--- Listed entries Enclosed Below ---

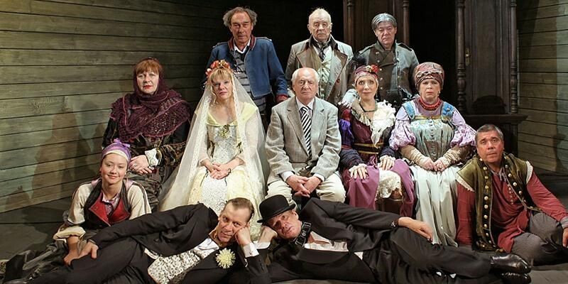 Для Театра на Юго-Западе «Женитьба» — особенный спектакль. Ведь именно с него в 1974 году началась история самого театра. И в некотором смысле он еще служит эталоном актерского существования на сцене. Многие поколения артистов проходили и до сих пор проходят через этот материал. А еще одна особенность «Женитьбы» в том, что все роли здесь исполняют мужчины, включая сваху и Агафью Тихоновну. И в этом совершенно нет никакой пошлости — просто открытый настоящий русский площадной театр.
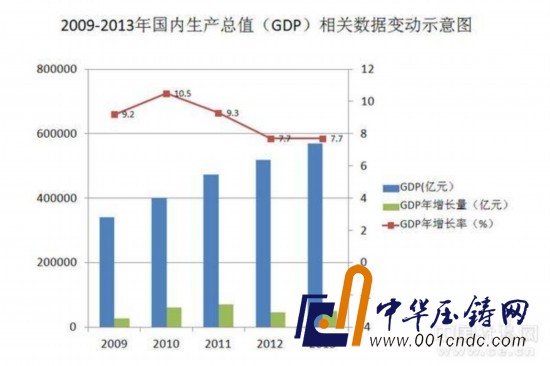 那么事實(shí)如何呢?中國經(jīng)濟(jì)持續(xù)三十多年的超高速增長世界罕有。然而,任何國家也不可能一直行駛在“快車道”上,這也不符合經(jīng)濟(jì)發(fā)展的客觀規(guī)律。隨著時(shí)間的推移,中國的經(jīng)濟(jì)總量越來越大,如今每增長一個(gè)百分點(diǎn),其GDP絕對(duì)數(shù)與往昔不可同日而語。比如2013年GDP增長7.7%,看似明顯低于2009年9.2%的增速,但實(shí)際上,2013年GDP增長的絕對(duì)數(shù)約5萬億,而2009年增長的絕對(duì)數(shù)只有約2.7萬億,就經(jīng)濟(jì)增長量而言,2013年要大大超過2009年。
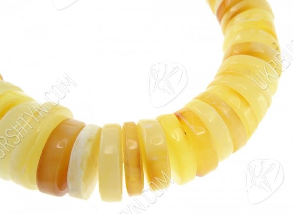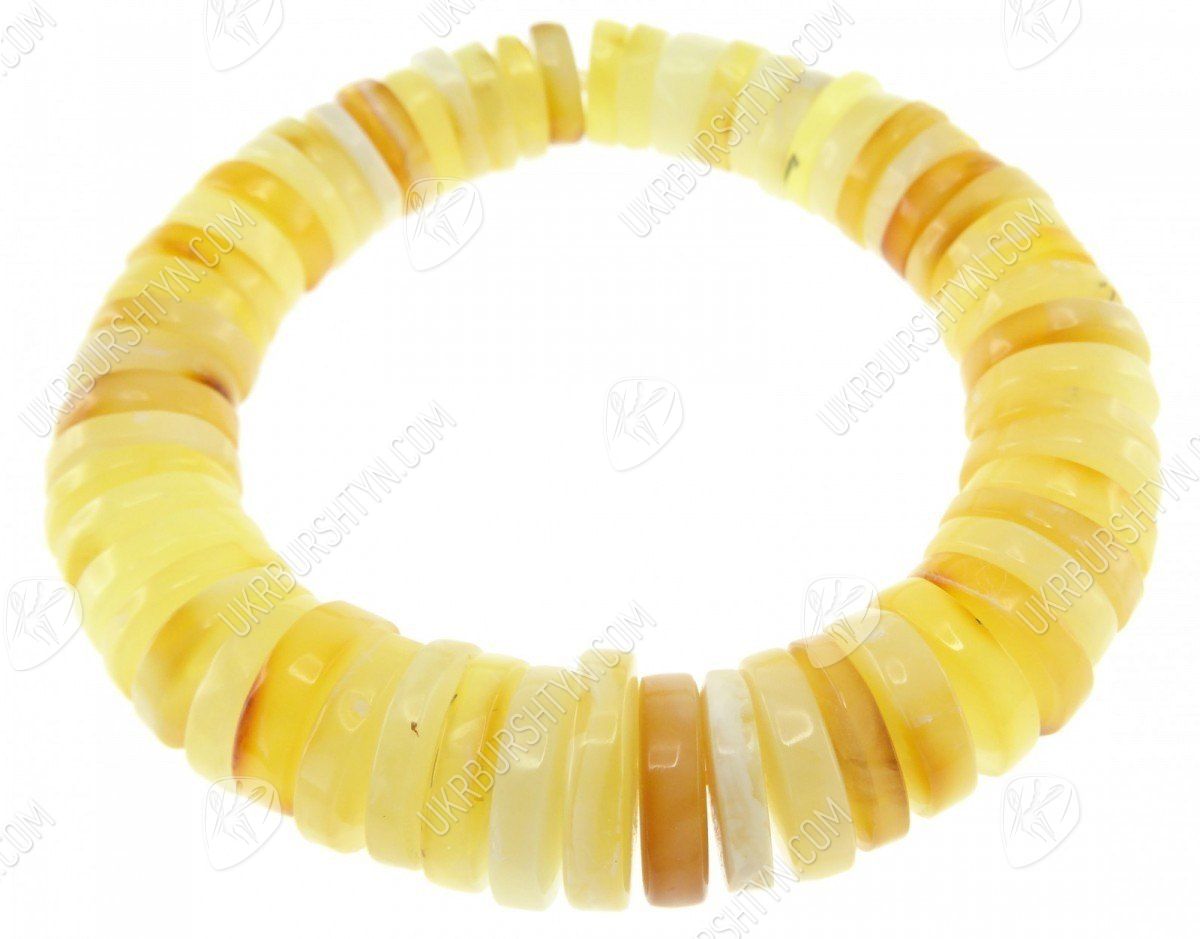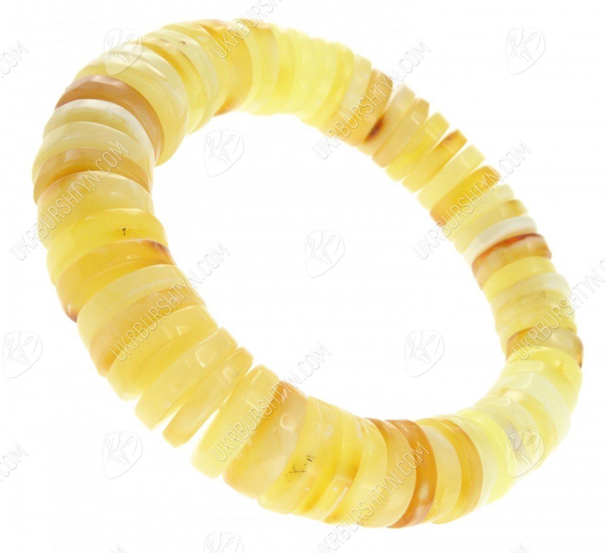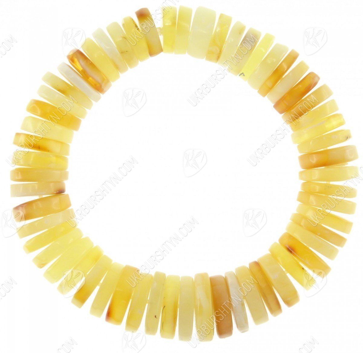 Плануєте замовити жіночі браслети в подарунок для подруги, родички або коханої? Варто враховувати не тільки якість виробу, але й характер тієї дами, для якої він призначений. Наприклад, цей аксесуар з плоских круглих намистин підійде веселим, креативним, творчим і неординарним особистостям. Майстер виточив всі елементи з натурального поліського бурштину, тому кожна деталь в цьому виробі чимось відрізняється - нюансами забарвлення або внутрішньою фактурою, прозорістю або формою. Так і хочеться розглянути їх у всіх подробицях! Міцна основа і зручний, практичний дизайн дозволяють носити цю оригінальну прикрасу хоч цілий день - вона не впаде і не буде заважати.
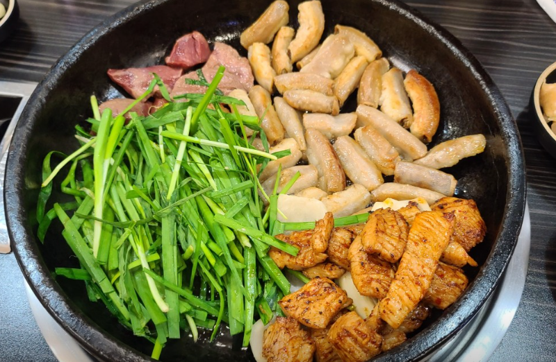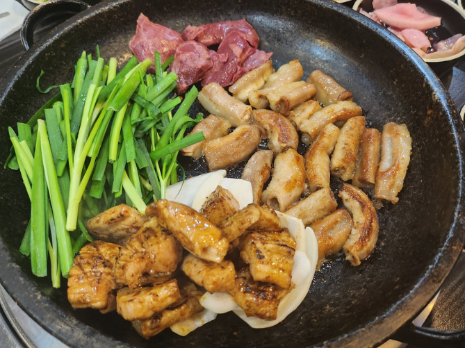 잡내를 좌우하는 실핏줄·막 제거, 지방 정리, 삼투압을 이용한 염지와 냄새 잡기 과정 등 하우스 레시피가 존재합니다. 둘째, 초벌과 재벌의 배합입니다. 숯향을 이식하기 위한 고온 단시간 초벌, 이후 손님상에서 기름을 빼며 결을 살리는 재벌로 ‘겉바속촉’ 질감을 극대화합니다.
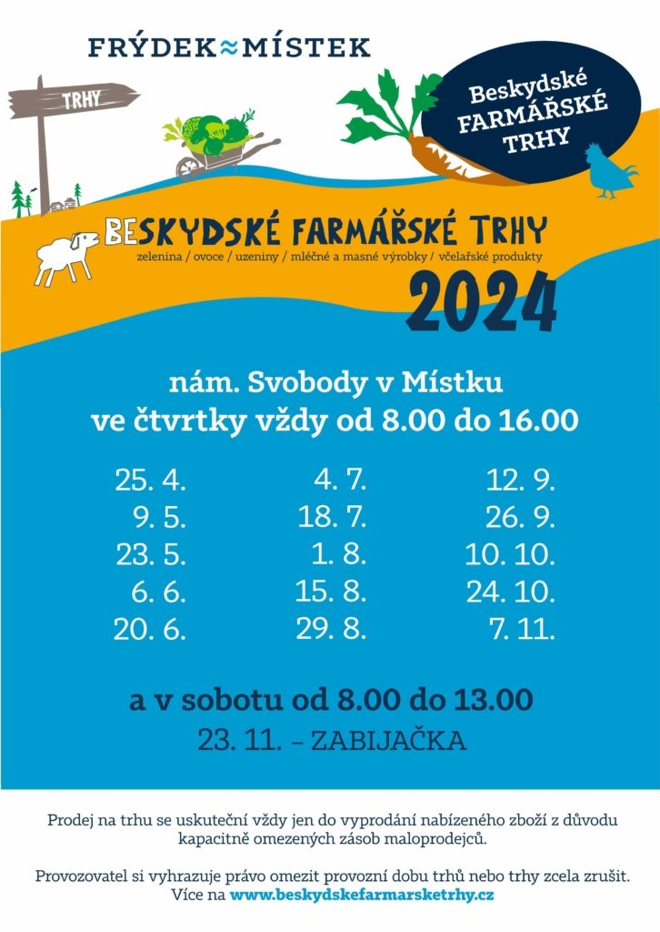 Radnice ve Frýdku-Místku již po 14. připravila oblíbené Beskydské farmářské trhy. První z nich se letos uskuteční o 14 dní dříve než obvykle, a to ve čtvrtek 25. dubna na náměstí Svobody v Místku.

--- End of Enclosed Listed entries ---

All of the data above is to be repeated exactly, with the pictures left out.

 Для Театра на Юго-Западе «Женитьба» — особенный спектакль. Ведь именно с него в 1974 году началась история самого театра. И в некотором смысле он еще служит эталоном актерского существования на сцене. Многие поколения артистов проходили и до сих пор проходят через этот материал. А еще одна особенность «Женитьбы» в том, что все роли здесь исполняют мужчины, включая сваху и Агафью Тихоновну. И в этом совершенно нет никакой пошлости — просто открытый настоящий русский площадной театр.
 那么事實(shí)如何呢?中國經(jīng)濟(jì)持續(xù)三十多年的超高速增長世界罕有。然而,任何國家也不可能一直行駛在“快車道”上,這也不符合經(jīng)濟(jì)發(fā)展的客觀規(guī)律。隨著時(shí)間的推移,中國的經(jīng)濟(jì)總量越來越大,如今每增長一個(gè)百分點(diǎn),其GDP絕對(duì)數(shù)與往昔不可同日而語。比如2013年GDP增長7.7%,看似明顯低于2009年9.2%的增速,但實(shí)際上,2013年GDP增長的絕對(duì)數(shù)約5萬億,而2009年增長的絕對(duì)數(shù)只有約2.7萬億,就經(jīng)濟(jì)增長量而言,2013年要大大超過2009年。
 Плануєте замовити жіночі браслети в подарунок для подруги, родички або коханої? Варто враховувати не тільки якість виробу, але й характер тієї дами, для якої він призначений. Наприклад, цей аксесуар з плоских круглих намистин підійде веселим, креативним, творчим і неординарним особистостям. Майстер виточив всі елементи з натурального поліського бурштину, тому кожна деталь в цьому виробі чимось відрізняється - нюансами забарвлення або внутрішньою фактурою, прозорістю або формою. Так і хочеться розглянути їх у всіх подробицях! Міцна основа і зручний, практичний дизайн дозволяють носити цю оригінальну прикрасу хоч цілий день - вона не впаде і не буде заважати.
 잡내를 좌우하는 실핏줄·막 제거, 지방 정리, 삼투압을 이용한 염지와 냄새 잡기 과정 등 하우스 레시피가 존재합니다. 둘째, 초벌과 재벌의 배합입니다. 숯향을 이식하기 위한 고온 단시간 초벌, 이후 손님상에서 기름을 빼며 결을 살리는 재벌로 ‘겉바속촉’ 질감을 극대화합니다.
 Radnice ve Frýdku-Místku již po 14. připravila oblíbené Beskydské farmářské trhy. První z nich se letos uskuteční o 14 dní dříve než obvykle, a to ve čtvrtek 25. dubna na náměstí Svobody v Místku.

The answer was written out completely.